It is informative to analyze the number of sources detected using the various methods we employed and assess how many have survived the pruning process. Table 3 presents the total number of input sources for each detection method, as well as the fraction of these sources within 1″ and 3″ of a source in the final catalog (source positions changed during the pruning process and thus an exact position match was not possible). The image reconstruction method is the only one that experienced significant pruning of the input catalog, as it selects sources that are too faint according to the adopted PB threshold. According to Table 3, and considering also that the number of sources in the input PWDetect list of candidate sources more distant than 3″ from any source in the Image reconstruction input catalog is low, but not negligible (314, 688 for Wavdetect), it is evident that in complex fields like these, deploying different detection methods is crucial for optimizing the number of detected sources.

Given the design of the EWOCS survey and the compact nature of Westerlund 1, it is not surprising that the majority of sources are observed at low off-axis angles, as depicted in Fig. 9. Specifically, 63.7% of the sources (3485/5464) are located within 1 arcmin from the field center, and 87.7% are within 3 arcmin.
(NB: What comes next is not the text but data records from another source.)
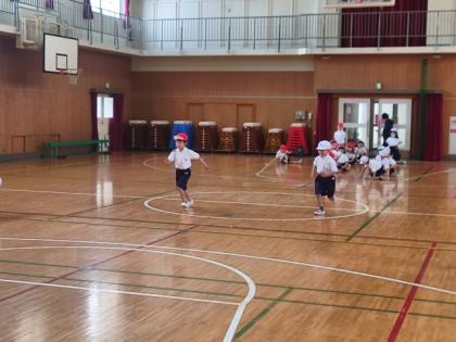 体育科の時間は、体育館で楽しく体を動かしました。
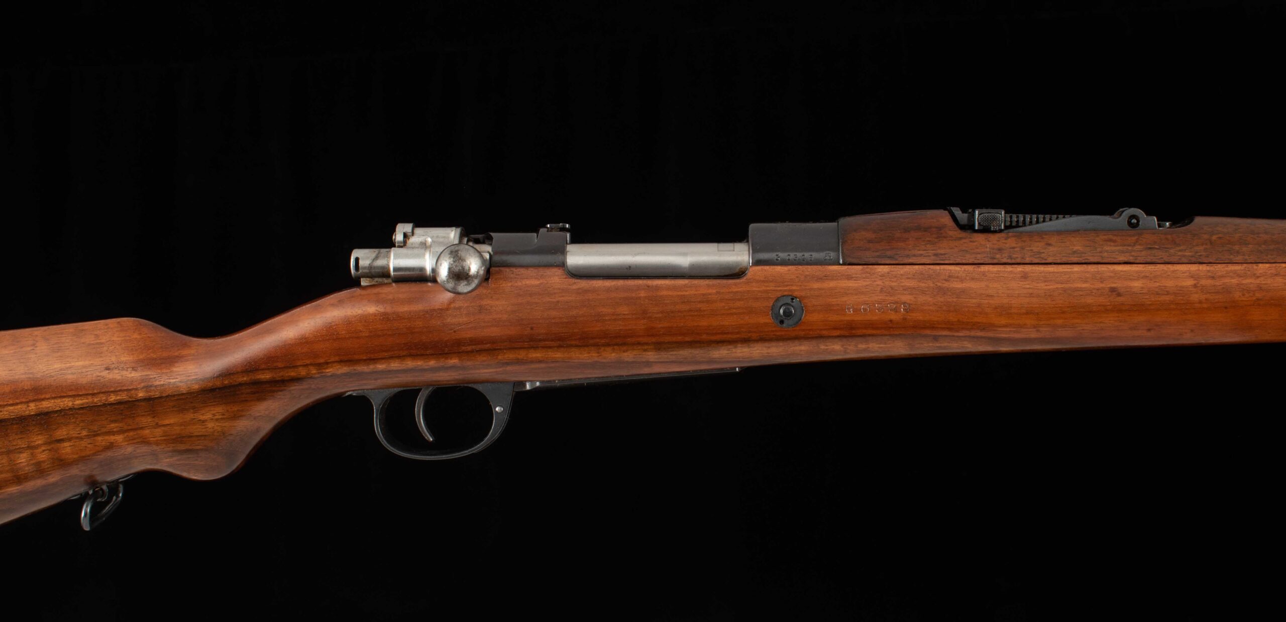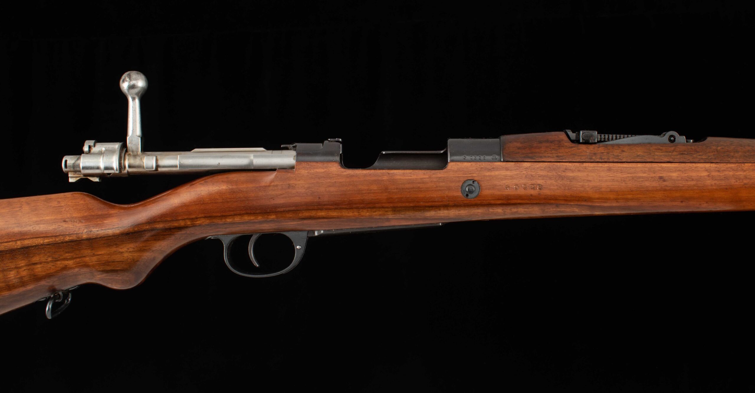 | General Specs: DWM, 1910, 7.65×53 Argentine/Belgian, 9lbs. 7oz. LOP 13 1/16″ Serial Number: G0328
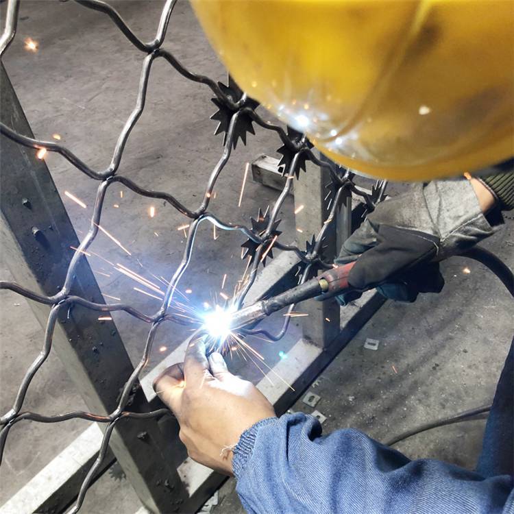 1、太陽花刺片:太陽花刺片直徑一般不小于7.5cm (直徑6cm、7cm、8cm) , 刺片厚1.5mm,采用Q235低碳鋼板沖壓成型。太陽花剌片用氬弧焊將太陽花形刺片焊接在美格網(wǎng)的節(jié)點(diǎn)上,形成刺形保護(hù),有效的防止了手握腳攀。
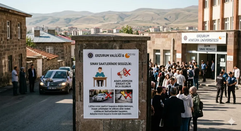 Erzurum’da gerçekleştirilecek Ölçme, Seçme ve Yerleştirme Merkezi (ÖSYM) sınavları öncesinde sınav güvenliğinin sağlanması ve adayların sınava sağlıklı bir ortamda girebilmesi amacıyla önemli bir duyuru yapıldı. Yetkililer, sınav saatlerinde sınav binaları çevresinde oluşabilecek gürültünün adayların dikkatini olumsuz etkileyebileceğine dikkat çekerek vatandaşlardan hassasiyet göstermelerini istedi.
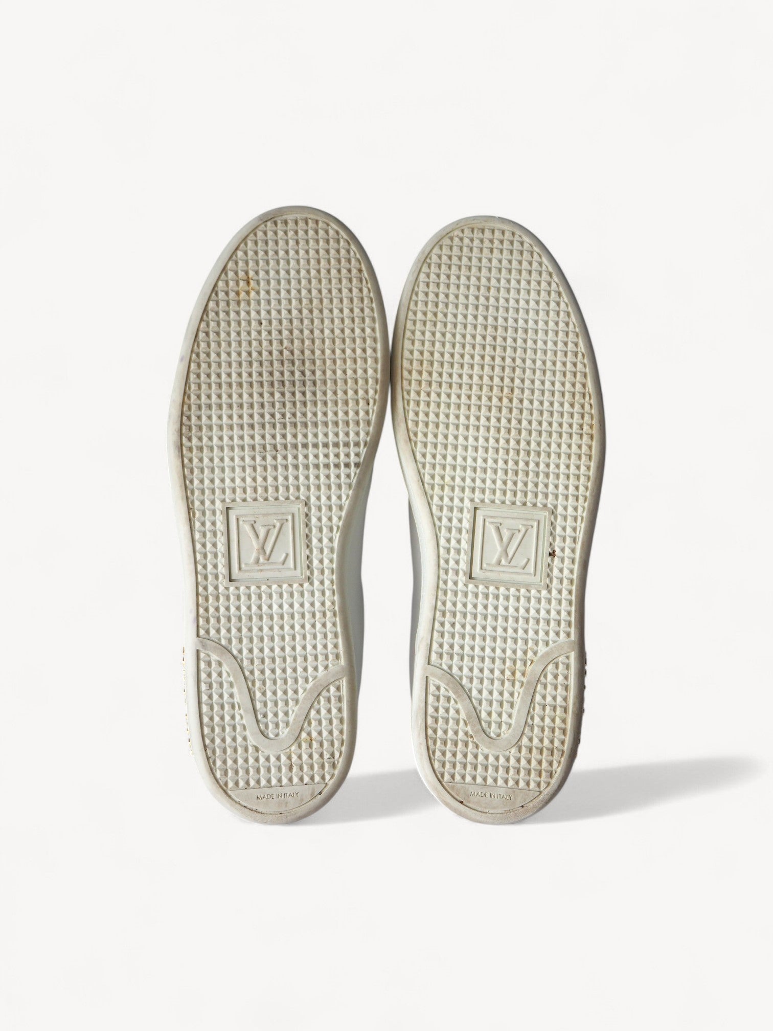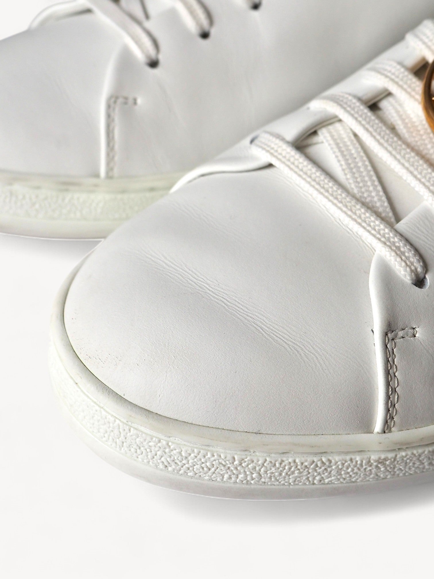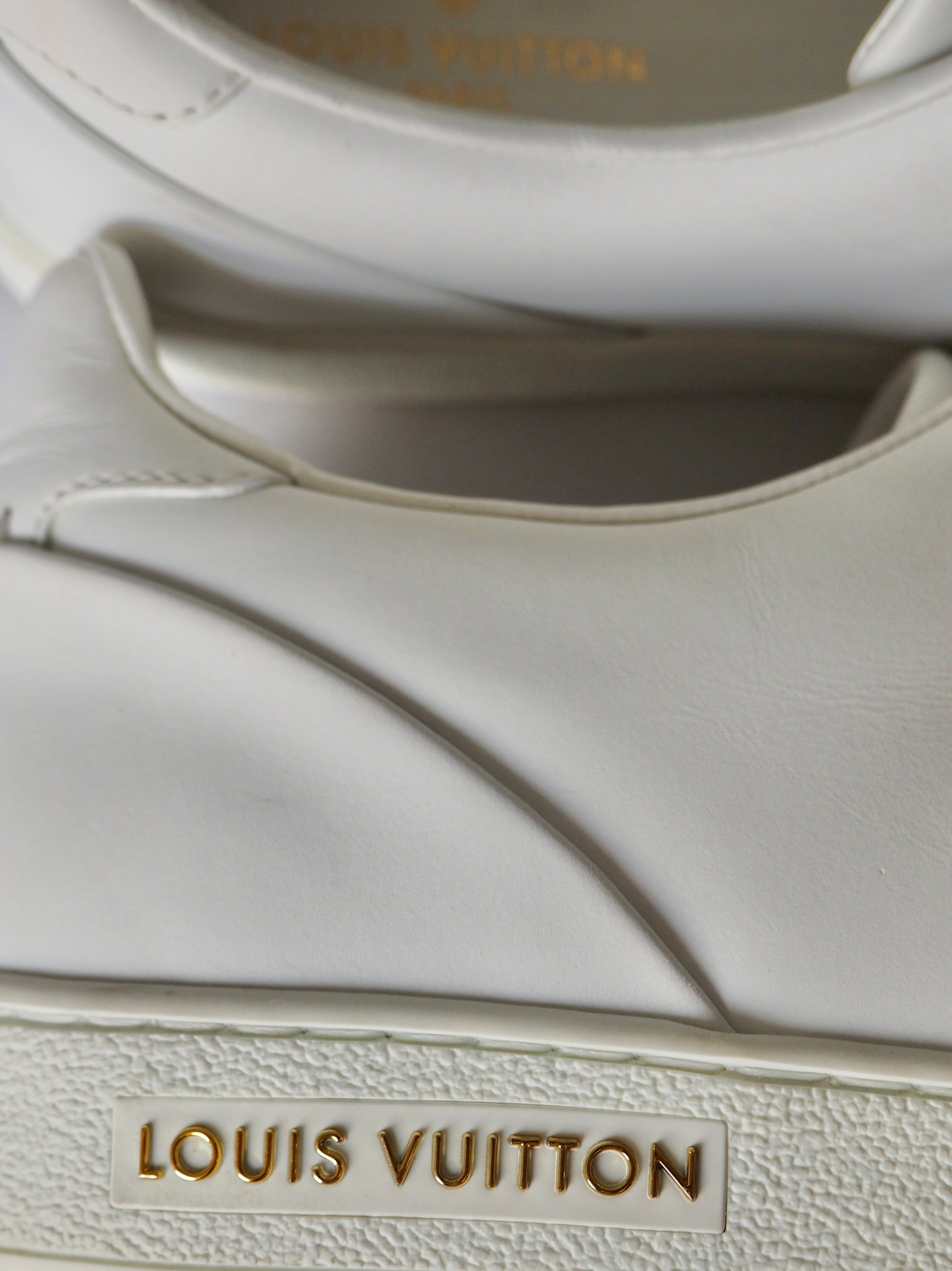 These white low-top LV Frontrow sneakers are crafted from smooth calfskin leather and designed with gold-tone LV initials on the laces, which are removable, and a gold “Louis Vuitton” logo on the side sole. Please refer to the images for a detailed view of the item.

Consequently, source positions are generally well-determined, with a median position error of 0.17″ and a 75% quantile position error of 0.27″. Position errors are estimated from the single-axis standard deviations of the PSF inside the extraction region and the number of counts extracted. This precision is crucial for the search of OIR counterparts and for dynamics studies.

As depicted in Fig. 10, the catalog is predominantly composed of faint sources. In the broad band, the median value of the net counts is 12.9 counts. There are 607 sources (10.2%) with fewer than 5 net counts and only 69 sources (1.2%) with fewer than 3 counts. It is well known that the sensitivity of ACIS-I decreases with the off-axis angle. This must be taken in consideration when comparing the spatial distribution of X-ray sources detected with ACIS-I to those detected with other instruments. Figure 11 illustrates the spatial distributions of EWOCS X-ray sources with fewer than 12.9 net counts and those with more net counts. The former sample exhibits a higher concentration in the center of the field, with only 37 sources having an off-axis angle larger than 7′. This region is considerably large compared to the size of Westerlund 1, so studies based on the spatial distribution of cluster members would not be significantly affected by the decline in sensitivity with the off-axis angle.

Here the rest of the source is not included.